21

“Anybody home?” Edith tried for nonchalance as she pushed open the back door of the farmhouse, but sounded timid even to her own ears. She’d been surprised, even a little aggrieved, when there’d been no answer to her knock. Knows I’m coming, don’t he?

OK, so she was late. Very late. Not her fault that her mother must have used the scooter and not refilled the tank. They were economical, but they didn’t run on thin air. Always down to Edith to do the dirty jobs.

She stepped through the mudroom into the kitchen itself, calling out again. The only response was from the old terrier, in her basket by the Aga. She lifted her head, gazed through filmy eyes, then curled up again, dismissive.

Nobody’s here, the girl thought mournfully. Nobody cares about fat, stupid, ugly Edith.

Her knees suddenly slack, Edith subsided into one of the wooden chairs by the kitchen table and stared at her shoes. Her tears, which had blown themselves out on the ride down to Grayrigg, bubbled up afresh. She tried to swallow them back into her aching throat, but little gulping whimpers escaped from her as she wrapped her arms around her skinny frame and rocked, crying, for what seemed a long time.

She couldn’t have said why she was so devastated. It wasn’t that she even liked Mr Hogg. OK, so he never shouted like her father, but he got this disappointed air about him. Took it personally when she let him down.

Some of her old teachers had tried that trick and it hadn’t worked any better when she was still at school. “Oh, Edith, if only you’d apply yourself a little harder.” But what had they to offer if she did? A bone-numbing job in telesales, or the check-out of the local supermarket? And then, at that last careers’ day, some so-called friend had blabbed about Edith’s secret dreams of fame and fortune. She’d hoped for encouragement. What she’d got was scorn.

How dare they laugh?

Edith never mentioned it again, but her resentment began to fester. She’d made her plans, quietly and without fuss, to exit this miserable existence. So when they mentioned her name in future, it would be in awed, hushed voices. And laughter would be the last thing on their minds.

Edith’s bawling subsided into sobs, which grew more difficult to sustain. She’d been hoping that Mr Hogg would walk in and find her weeping tragically, at which point he’d coax the whole story out of her, all sympathetic.

Edith comforted herself with a brief vision of her employer on the phone to her parents, berating them for how badly they’d treated their daughter, how they’d come so close to losing her.

Naturally, they’d rush down there, all full of regrets, to cosset and pamper her, to tell her she was their best girl. Like they used to back when she was almost too young to recall if it was memory or craving. Back when she had yet to dissatisfy them in so many ways.

Eventually, it dawned on Edith that if the terrier was still in her basket, Mr Hogg had likely gone further than a walk around the yard, even with him being a cripple. He could be out all morning. All day.

Edith felt her last chance for salvation slipping away from her.

She slouched out of the chair, only then catching sight of the note addressed to her in Mr Hogg’s looping hand. Hope flared again. In the time it took her to snatch it up, her imagination painted a heartrending plea not to do it. Perhaps some poetry, even a proposal.

The reality was a brusque instruction to clean the byre and give the old dairy a thorough going over before it was fit to let again. It finished: ‘We really must talk about your time-keeping, Edith!’
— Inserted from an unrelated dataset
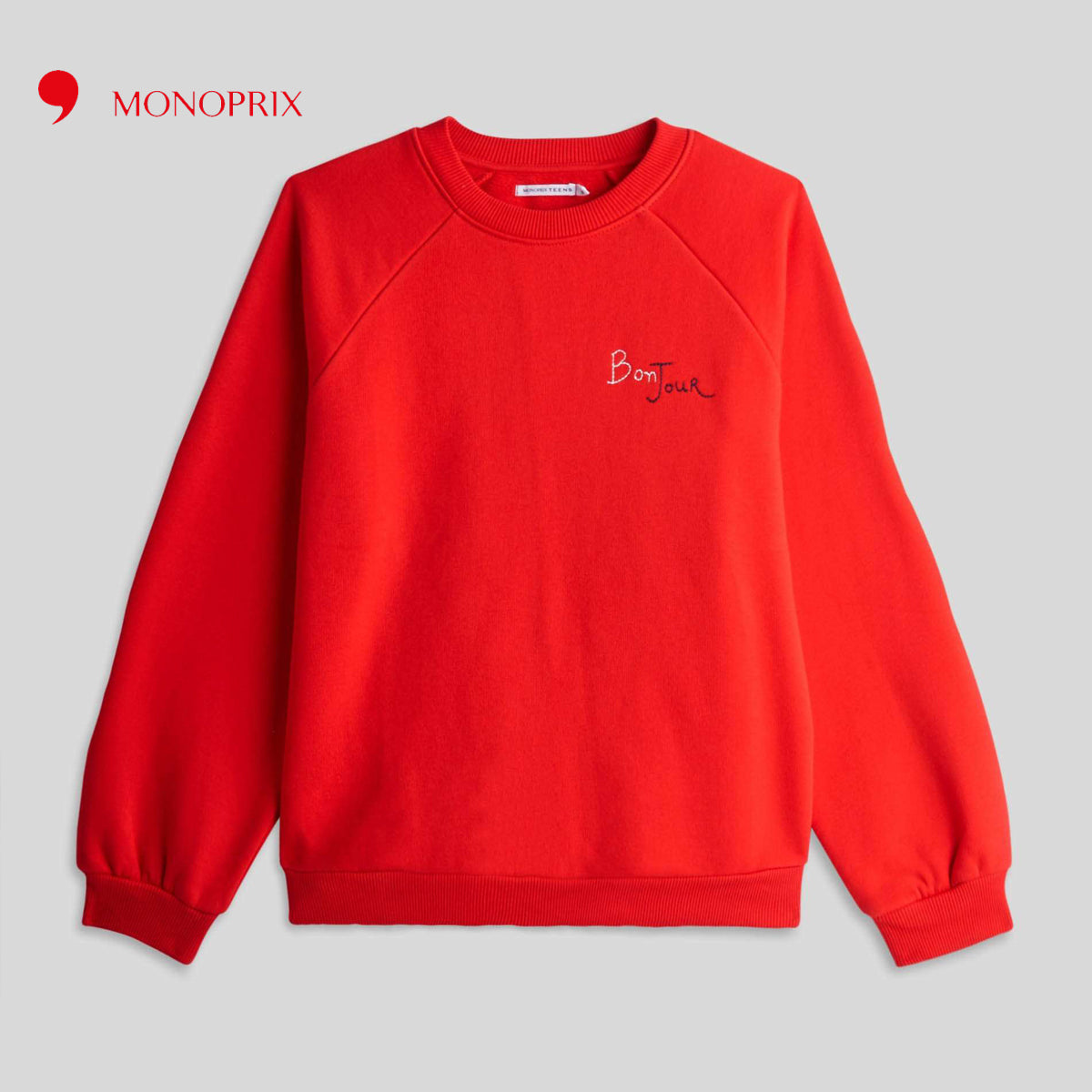 MONOPRIX TEENS RED BONJOUR EMBROIDERED SWEATSHIRT

You’ll never get anywhere All I see in store for youYou’re never going to be famous

Edith’s face crumpled. She threw the ball of paper across the kitchen, causing the terrier to raise her head again briefly to see if it was worth the chase. It wasn’t.

The sight of the old dog, gazing up at her with those trusting eyes, made what she’d done yesterday even worse.

If only that farmer paid more attention to his flock

Edith straightened. Her father might have put the AK beyond her reach, but he wasn’t the only one with a gun around here.

Still swallowing her tears, she hurried through the hallway to Mr Hogg’s study. She knocked before she went in, just in case. The room was empty.

Propped behind the door was a twelve-bore Baikal, just where she remembered. The shotgun was old, speckled with rust. She’d never seen Mr Hogg pick it up, never mind fire it. Just for a moment, she worried that it wouldn’t do the job.

Soon find that out, won’t I?

The top shelf of the bookcase yielded a dusty box of cartridges. Decisive now, Edith opened it up and took just one, right from the centre, slipping it into her pocket. She put the box back, went through the kitchen pausing only to take a bottle of cooking sherry from the pantry.

Out in the brightly sunlit yard, she hesitated for the first time. Where? She looked around. Her eye lighted on the side door to the old barn next to the farmhouse.